Start of Block
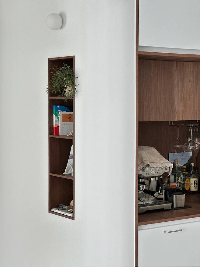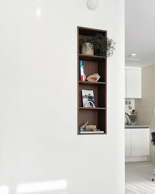 복도 끝에 위치한 매립선반도 저의 작은 인테리어 로망 중 하나였어요. 실용적인 수납 활용보다는 예쁘게 보여주고 제 만족을 위한 무언가들로 채우는 소소한 힐링존으로 사용하고 있습니다.
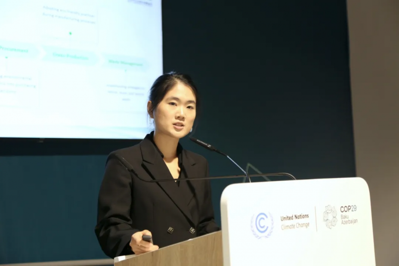 SEE基金会绿色供应链高级项目官员伍靖枫在会议上分享在促进制造行业的绿色供应链发展实践与成果,包括中国房地产行业绿色供应链行动及亚洲纺织行业气候专才计划的经验和最新进展。今年,房地产绿链行动发布了7个新品类评审规则,并已发布首批23个白名单和11个绿名单企业,更获得了国央企加入行动。纺织专才项目通过人才培养和专业培训,已培训超过1500行业人员,为企业带来显著能源效益提升。
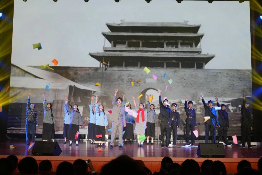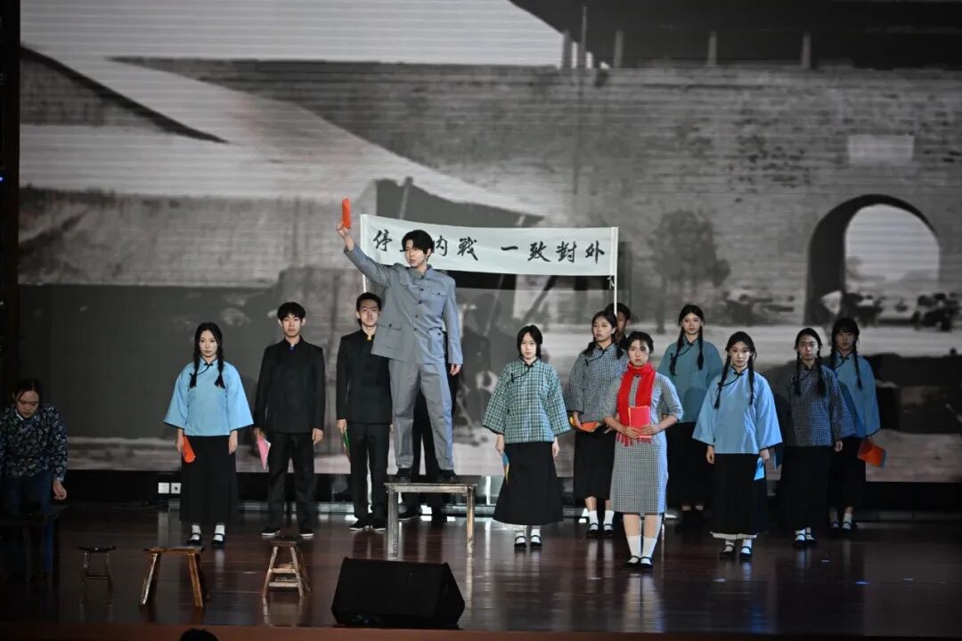 大会在首部校史舞台剧《炬火相传:青春的誓言》中拉开帷幕。该剧以北工商的红色校史为依托,以老校长姚依林为精神符号,艺术化地再现了“一二·九”运动中的真实历史瞬间,以实际行动践行着“请党放心,强国有我”的青春誓言,描绘出北工商青年弘扬伟大抗战精神、与工商共成长、与祖国同奋进的动人图景。这份跨越九十年的青春热血与爱国赤诚,引发全场强烈情感共鸣,掌声经久不息。
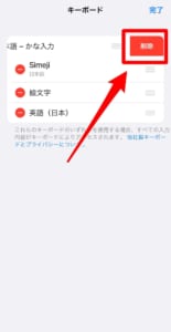 削除後、画面右上にある完了を押す事でキーボードの機能がオフになります。その後、「新しい絵文字の出し方」で解説した方法で削除したキーボードを新たに追加すれば、キーボードの再設定が完了です。
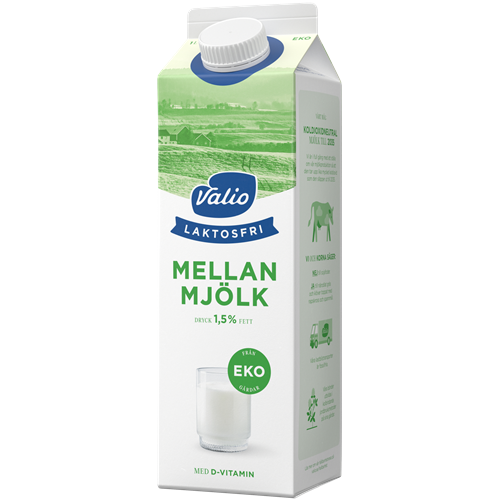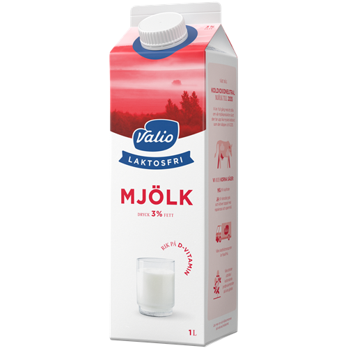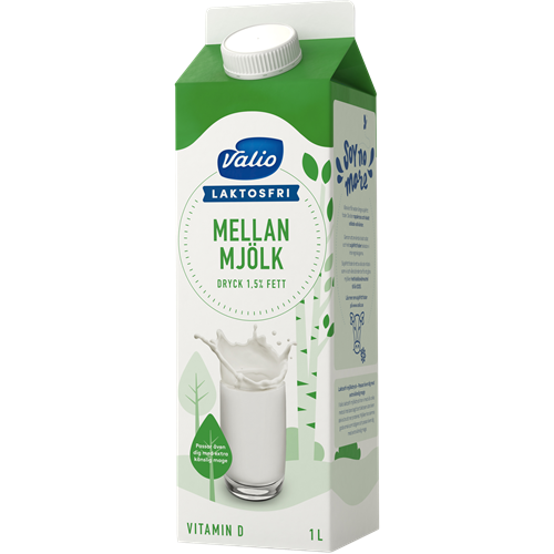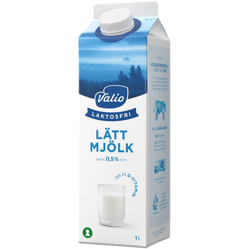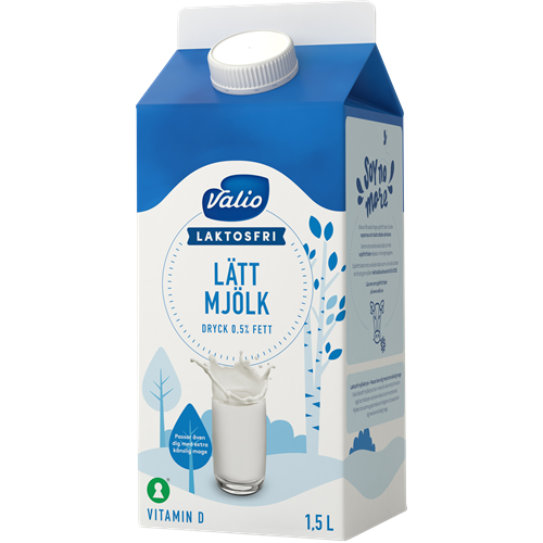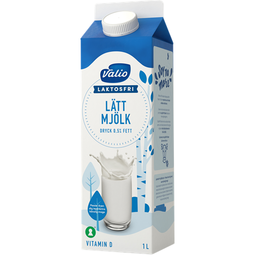 Valios laktosfria mjölk är anpassad för dig som är känslig mot laktos men som fortfarande vill njuta av ett glas mjölk, eller använda mjölk som en ingrediens i bakning och matlagning. Vi har tillsatt extra D-vitamin i mjölken för att underlätta det dagliga intaget av D-vitamin, som är en viktig källa till starkare skelett och tänder. Vår laktosfria mjölk finns med olika fetthalter; lättmjölk 0,5%, mellanmjölk 1,5% och standardmjölk 3%.
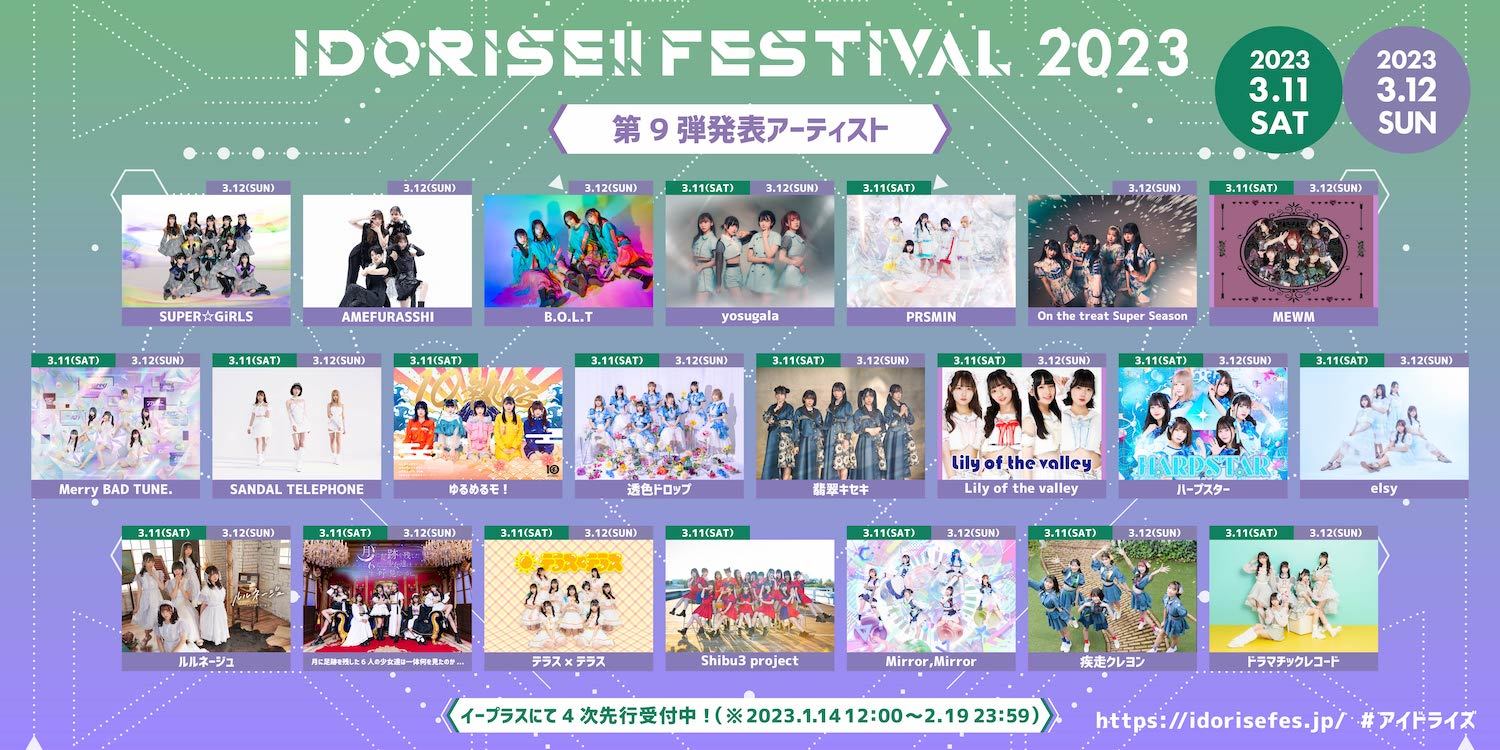 2023年3月11日(土)・12日(日)の2日間、東京・渋谷で開催される『IDORISE!! FESTIVAL 2023』の第9弾出演アーティストが発表された。
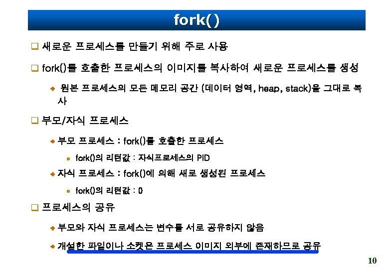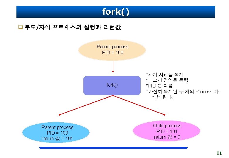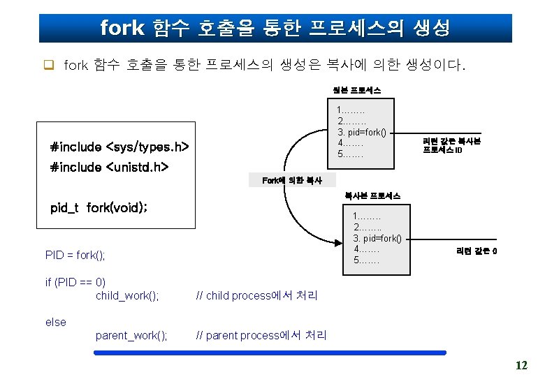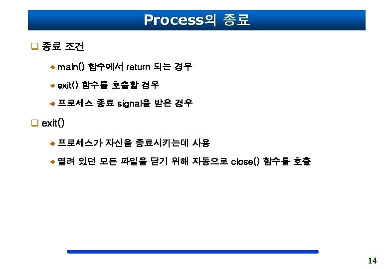 fork 함수 호출을 통한 프로세스의 생성 int a=10; int main() { pid_t pid; int b=20; pid = fork(); ……. } 원본 프로세스 a=10 Data 영역 int a=10; int main() { pid_t pid; int b=20; pid = fork(); ……. pid=1133 b=20 Stack 영역 } a=10 Data 영역 pid=0 b=20 Stack 영역 복사본 프로세스 13
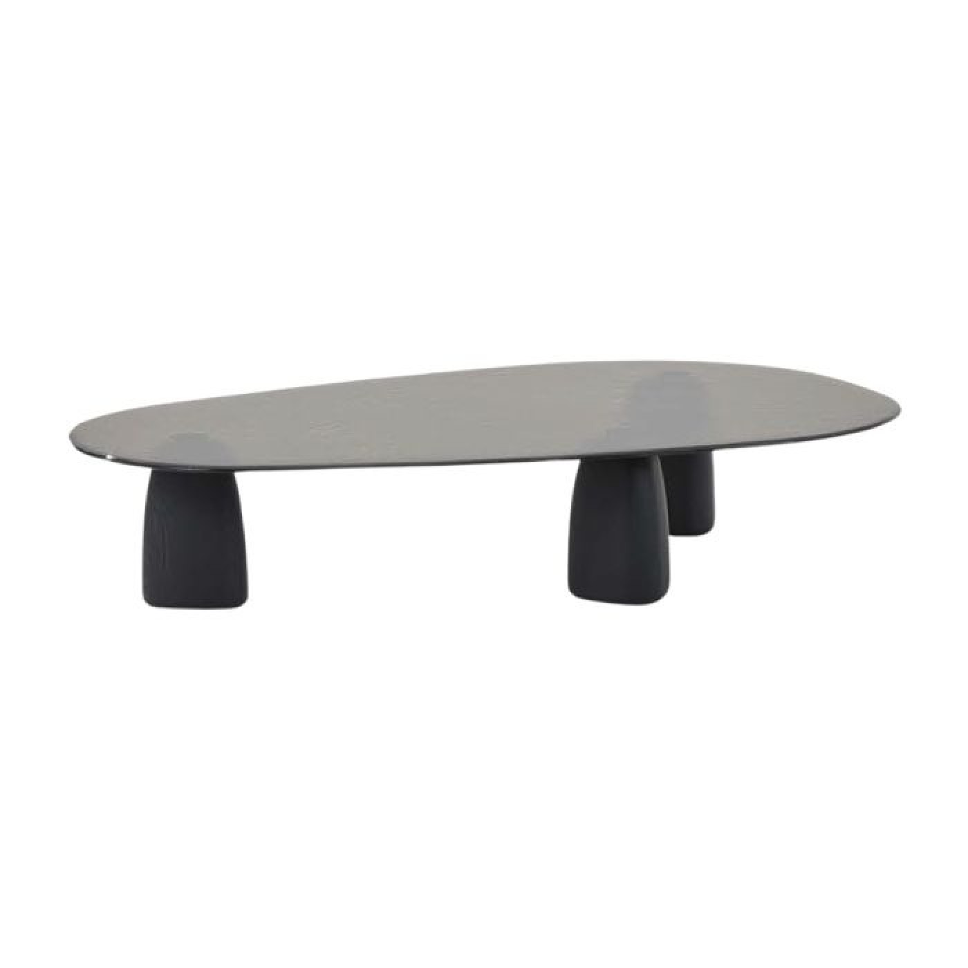 Tavolino Strata tondo diametro 100 x H 34 finitura struttura olmo nero + piano in vetro fusione bronzato 3D51
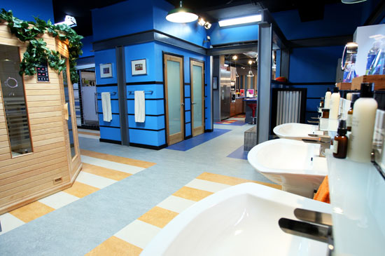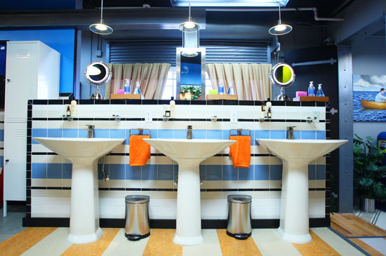 The sinks were located across from the sauna.
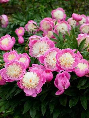 - У высоких пионов часто оголены внизу стебли. В этом случае требуется посадить растения, закрывающие "ноги" пиона. Чаще всего на эту роль подходят округлые подушковидные растения: герань. гейхера, манжетка, буквица, бадан, хоста, низкие ирисы, подушковидные астры, примулы, маленькие летники.
End of Block
■ WHAT IS NEEDED: Would you copy, exactly, each line from the start of the listing above through the line with "fork 함수 호출을", both ends included, but none of the pictures?

■ SOLUTION FOR THIS TASK:
 복도 끝에 위치한 매립선반도 저의 작은 인테리어 로망 중 하나였어요. 실용적인 수납 활용보다는 예쁘게 보여주고 제 만족을 위한 무언가들로 채우는 소소한 힐링존으로 사용하고 있습니다.
 SEE基金会绿色供应链高级项目官员伍靖枫在会议上分享在促进制造行业的绿色供应链发展实践与成果,包括中国房地产行业绿色供应链行动及亚洲纺织行业气候专才计划的经验和最新进展。今年,房地产绿链行动发布了7个新品类评审规则,并已发布首批23个白名单和11个绿名单企业,更获得了国央企加入行动。纺织专才项目通过人才培养和专业培训,已培训超过1500行业人员,为企业带来显著能源效益提升。
 大会在首部校史舞台剧《炬火相传:青春的誓言》中拉开帷幕。该剧以北工商的红色校史为依托,以老校长姚依林为精神符号,艺术化地再现了“一二·九”运动中的真实历史瞬间,以实际行动践行着“请党放心,强国有我”的青春誓言,描绘出北工商青年弘扬伟大抗战精神、与工商共成长、与祖国同奋进的动人图景。这份跨越九十年的青春热血与爱国赤诚,引发全场强烈情感共鸣,掌声经久不息。
 削除後、画面右上にある完了を押す事でキーボードの機能がオフになります。その後、「新しい絵文字の出し方」で解説した方法で削除したキーボードを新たに追加すれば、キーボードの再設定が完了です。
 Valios laktosfria mjölk är anpassad för dig som är känslig mot laktos men som fortfarande vill njuta av ett glas mjölk, eller använda mjölk som en ingrediens i bakning och matlagning. Vi har tillsatt extra D-vitamin i mjölken för att underlätta det dagliga intaget av D-vitamin, som är en viktig källa till starkare skelett och tänder. Vår laktosfria mjölk finns med olika fetthalter; lättmjölk 0,5%, mellanmjölk 1,5% och standardmjölk 3%.
 2023年3月11日(土)・12日(日)の2日間、東京・渋谷で開催される『IDORISE!! FESTIVAL 2023』の第9弾出演アーティストが発表された。
 fork 함수 호출을 통한 프로세스의 생성 int a=10; int main() { pid_t pid; int b=20; pid = fork(); ……. } 원본 프로세스 a=10 Data 영역 int a=10; int main() { pid_t pid; int b=20; pid = fork(); ……. pid=1133 b=20 Stack 영역 } a=10 Data 영역 pid=0 b=20 Stack 영역 복사본 프로세스 13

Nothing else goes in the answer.